As I contemplated whether to wash dishes for my daughter, I began to wonder whether I would be sending the right message today. After all, she was supposed to do them to help her learn to do a job correctly. Would my doing them show her gracious servanthood, or would it show her only that she could get away with being unthorough? I thought about the fact that she probably wouldn’t even receive my labor with thankfulness, because she rarely says thanks for any favor we do for her. Because of this I started to lean against doing anything for her. But then God interrupted my thoughts. He asked me to think about this in light of his love and grace. Does he stop showing grace to us simply because we fail to thank him for it? Does he stop loving us because we don’t respond the way we ought? Thankfully he doesn’t!

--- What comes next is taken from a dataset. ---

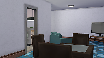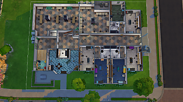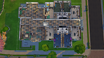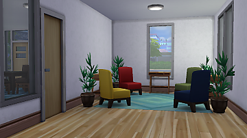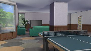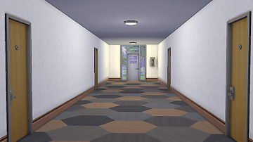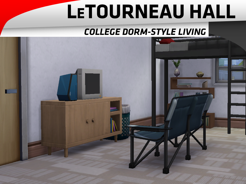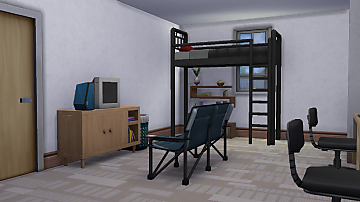 Admittedly, there are probably more beds in this lot than can be filled, but I didn't want to upload something with a lot of TS3-style void space where people probably live, but you never see them. Nonetheless, the innermost bedroom on the first floor (US 2nd floor) I decided would be better suited for the RA's office and a storage room. After all, I mentioned a resident assistant in my catalogue description, so I figured she needed a place to do her work.

Considering this question further I realized that one of the main reasons we fail to receive grace as grace, be it from God or from others, is that we believe in our hearts that we deserve it. I operate as if I believe God must treat me with love and kindness, so when he doesn’t I’m put out and when he does I take it for granted. I see the same thing in my daughter. She doesn’t respond with thanksgiving to my acts of kindness toward her because she feels she deserves them anyway. She may not express appreciation for me washing the dishes in her place because she feels it was unfair for her to have to do them in the first place. Once again I see my relationship with God reflected in my relationship with my children.

I understood that my decision to wash or not wash should not be dependent on the likely response of my daughter. But I still didn’t have an answer to my original question concerning the balance between showing servanthood and teaching responsibility. I don’t know that one can make a hard and fast rule about this. I think it must depend on how the Spirit leads in each situation. Some parenting methods overemphasize discipline to the detriment of demonstrating loving service, while other methods overemphasize grace to the point of encouraging irresponsibility. I want to find a balance that displays both in healthy, proper measure. In the end I decided to wash part of the pile of waiting dishes. Our drying rack cannot hold that many dishes anyway, so to attempt to do them all would have meant stacking them in unwieldy towers on the drying rack. I left the items that Sharilyn had found unacceptable yesterday, so Teresa will still need to follow through on her responsibility to do those well. But maybe she will also see an example of undeserved kindness that will enter her mind and heart and eventually bear fruit. She hasn’t discovered my work yet, so her response remains to be seen.

1 comment:

  1. This post touched me, thanks for writing it. I think your efforts in matters such as these will pay off, you sound very scrupulous in matters.

    I like the analogy to how God interacts with us. Where I am at, I live with 15 other people. We have a strict chore system in place that keeps the entire house clean (each person cleaning a separate part). Fines if you shirk.

    But dishes are rather communal, so it's easy to get away with doing too little. The system we put in place, though, puts everybody on a rotating schedule much like yours - someone cleans and puts away all the dishes at the end of the day. People are motivated to clean their dishes online, now, because they know what it's like to get stuck with all the dishes from before. They also feel responsible for making sure the person after them has an easier time of it.

    While your situation analogizes our relationship with God, mine does so for the Christian community, where all things are to be held in common, and sharing (esp the workload!) is the name of the game. I liked the connection I was able to make here.